Ecos de ti


Me cuesta creer que mañana me despertaré y no te veré en la cocina, nevando todo con harina, sacando una copita de algo para bebértela tú mientras haces la comida y diciendo que ese es el ingrediente secreto.
Me cuesta creer que tus sabores no volverán a estar en nuestra mesa. Sólo un ligero toque que nos has dejado en herencia. Tus bromas, tu humor afilado, tus comentarios irónicos, todo eso se fue contigo.
Tengo miedo de no poder recordarte todo lo que te mereces ser recordado.
Por eso te escribo tanto últimamente. No quiero perder lo poco (o mucho) que queda de ti.
Tu eco te hace presente. Siempre lo estás. Y aunque mi cabeza no sea buena recordando, mi cuerpo sí. Mis manos no olvidan tu pelo entre mis dedos, mis brazos aún saben cómo se sentía estar entre los tuyos, mis mejillas saben cómo es que las pellizques. Mis oídos aún tienen restos de tu voz.

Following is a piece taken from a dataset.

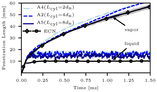 The previous discussion elaborates on the significant influence of the radial change of the injection cylinder dimensions with fixed on the liquid and jet penetration lengths. We complemented this study by further investigating the spray metrics when is axially varied. In particular, two additional test cases are herein considered, A4 and A5 from Table 3, where was varied between and while was fixed, hence was axially prolonged. Figure 6 depicts temporal evolution of liquid and vapor penetration lengths for cases A4 and A5, as compared to case A2 with the same and an intermediate value of . The figure shows a reduction in the jet length when was axially prolonged, while a mild reduction in the liquid length was attained. This observation can be referred to the droplet cloud distribution which became more relaxed with increased , hence a weaker momentum intensity since became distributed over a larger volume. According to the presented discussion, it is concluded that a radial change of had a stronger influence on both liquid and vapor penetration lengths when compared to the axial variation of . This behavior corresponded to the direction of change being aligned with the direction of the largest gradients in the cross stream direction, hence enhancing the mixing process, while smaller changes in scalar gradients were noted in the axial direction. Overall, varying with a fixed impacted the axial magnitude of , which played a significant role on the spray metrics.

¿Cómo es posible que el mundo siga girando tan tranquilamente ahora que ya no estás? ¿No se tendría que haber detenido? Si todo es tan relativo, ¿cómo es posible que el tiempo haya seguido sin pararse, sin ralentizarse al menos?

Te escribo

Todavía no me siento lo suficientemente fuerte como para llorarte todo lo que tengo que llorarte.
No me lo creo. No lo creo. No creo.
Te escribo a ti que no puedes leerlo. Te escribo porque resulta que me leías. Te escribo porque te pienso y quiero ser tan fuerte como tú. Te escribo porque sigo teniendo el reflejo de poner un plato más en la mesa. Te escribo porque escribirte es hacer como si estuvieras aquí. Escribir es materializar. Te materializo.

Agujero negro

El frío recorre con sus dedos minúsculos todo mi cuerpo. Me acaricia los brazos, las piernas, los párpados. Me seca los ojos con su aliento. Se enreda en mi pelo, se descontrola bailando con él.
La luna me alumbra tenue. Me empalidece. Su luz se extiende por mi piel y salta en el cristal de mi reloj, lamiendo las manecillas diminutas, que siguen su camino como filas de hormigas.
Camino descalza, el suelo se queja de mis pasos, cruje. Hojas, ramas resquebrajadas, escarabajos, orugas, gusanos, todo se pelea con mi presencia.
Susurros roncos se abrazan a mis oídos, me advierten. Gritos. Pero no puedo parar. Me siento inevitablemente atraída a ese lugar.
El viento me empuja hacia él con violencia, tensa las telas de mi vestido, las vuelve sólidas. Soy la vela de un barco imparable, sin guía, en manos únicamente de la naturaleza que me arroja con fuerza hacia adelante. 
Caigo de rodillas. Me aferro al borde del punto en donde el tiempo y el espacio se pliegan sobre sí mismos. Siento que me absorbe la nada. Me arrastra, me rompe, me hace jirones la piel. Me desnuda arrancándome el reloj y la ropa para engullirlas en la oscuridad más absoluta.Me levanto.
Un cuerpo débil, perecedero, pálido, lleno de tierra y sangre. Se me desgarra la garganta. El pulso me golpea las sienes. Avanzo hacia el vacío. Paso a paso.
La nada. No es oscuridad, es la ausencia total, absoluta y definitiva de la luz. Un agujero negro. 
Podría observarlo toda la vida. Podría dar un paso más.

Relatividad

No hay absolutamente nada más inconsistente que la realidad.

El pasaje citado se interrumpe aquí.